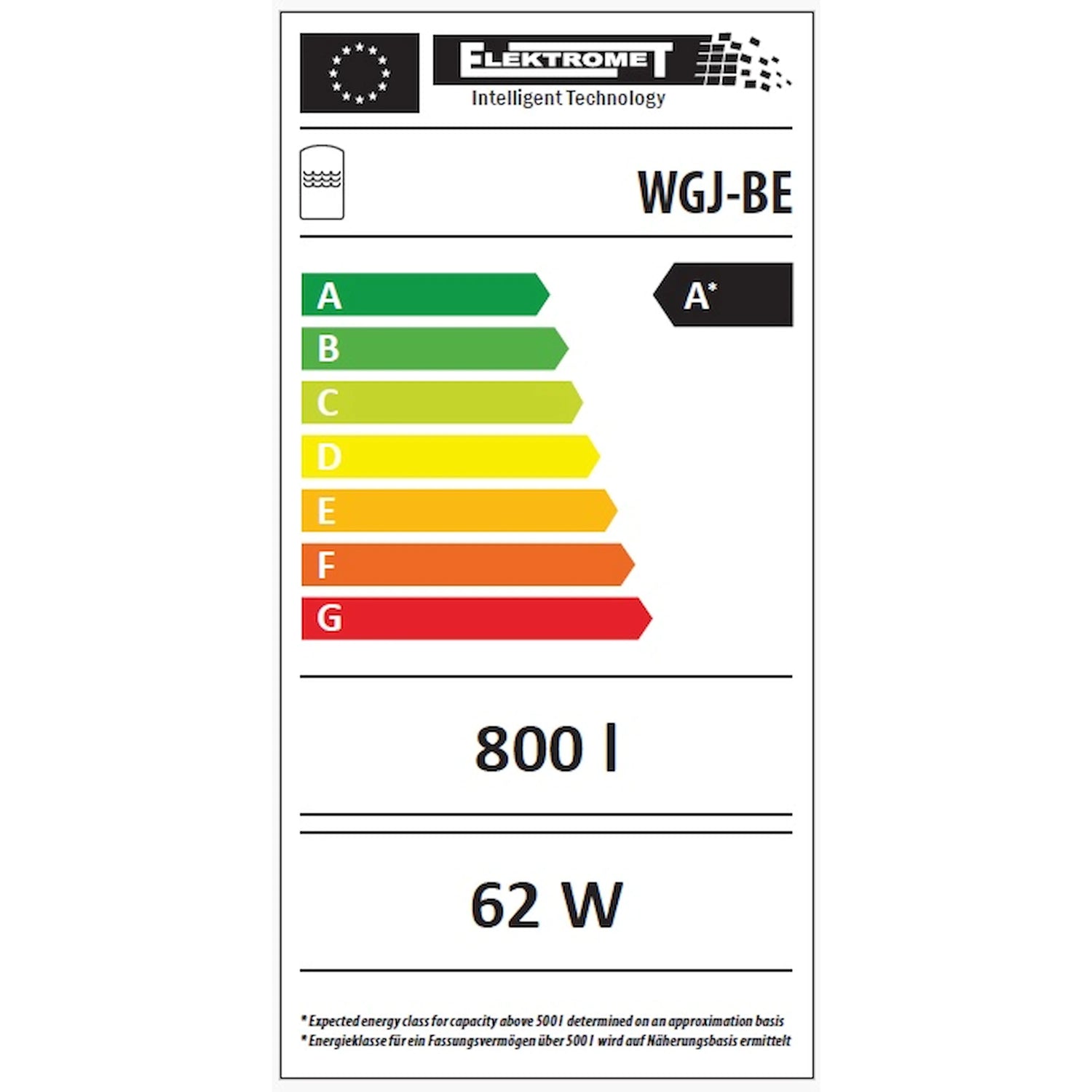 WGJ-BE 800: Όγκος αποθήκευσης περίπου 710 l, απώλειες σε ακινησία περίπου 62 W, βάρος ~143 kg. WGJ-BE 1000: Όγκος αποθήκευσης περίπου 830 l, απώλειες σε ακινησία περίπου 71 W, βάρος ~160 kg. Μέγιστη πίεση λειτουργίας: 0,3 MPa. Μέγιστη θερμοκρασία λειτουργίας: 80 °C.
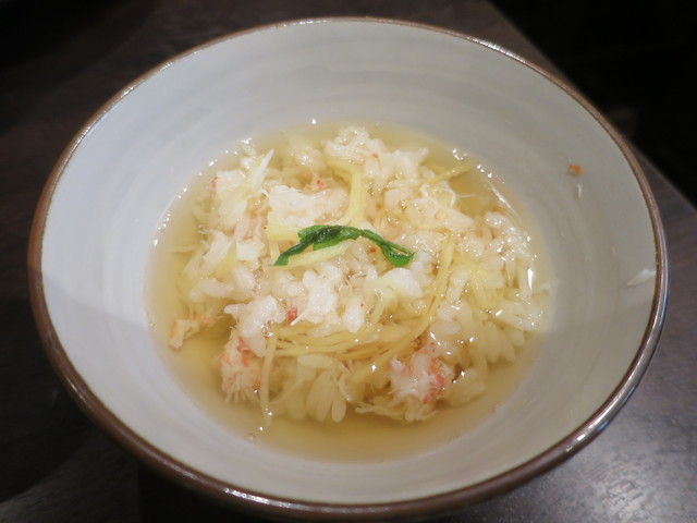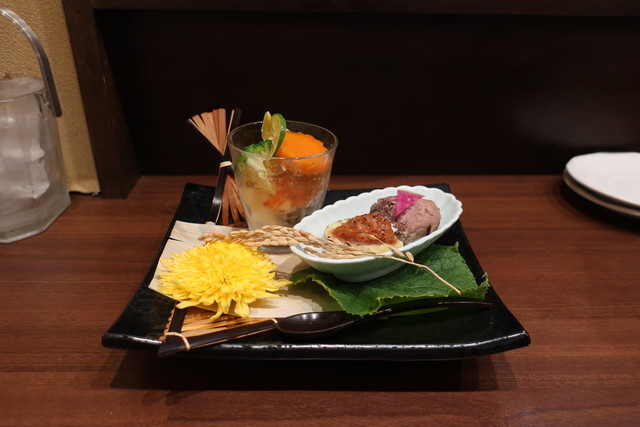 お通しの柚子なます、人参のすりながし、ブルーチーズの茶碗蒸し
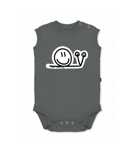 Dětské body bez rukávů pro děti s potiskem 420 KEEP SNAIL v barvě DARK GRAY
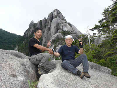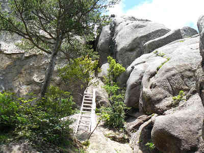 上湧塚へ向かう 岩の道をもう少し進むと上湧塚に到着、荷物を下ろして上湧塚へと向かう。まずはアルミ梯子を登り、その先はロープを伝って岩の間に入る。最後は岩の間を抜けて大岩の上に立つ。この作業はなかなか難しいが、上湧塚の上に立つとその展望に疲れを忘れる。

▶ _Task to complete_
Please give back exactly, and with no pictures, the lines from where the listing above begins through the line containing "お通しの柚子なます、人参のすりながし、ブルーチーズの茶碗蒸し".

▶ _Solution for this task_
 WGJ-BE 800: Όγκος αποθήκευσης περίπου 710 l, απώλειες σε ακινησία περίπου 62 W, βάρος ~143 kg. WGJ-BE 1000: Όγκος αποθήκευσης περίπου 830 l, απώλειες σε ακινησία περίπου 71 W, βάρος ~160 kg. Μέγιστη πίεση λειτουργίας: 0,3 MPa. Μέγιστη θερμοκρασία λειτουργίας: 80 °C.
 お通しの柚子なます、人参のすりながし、ブルーチーズの茶碗蒸し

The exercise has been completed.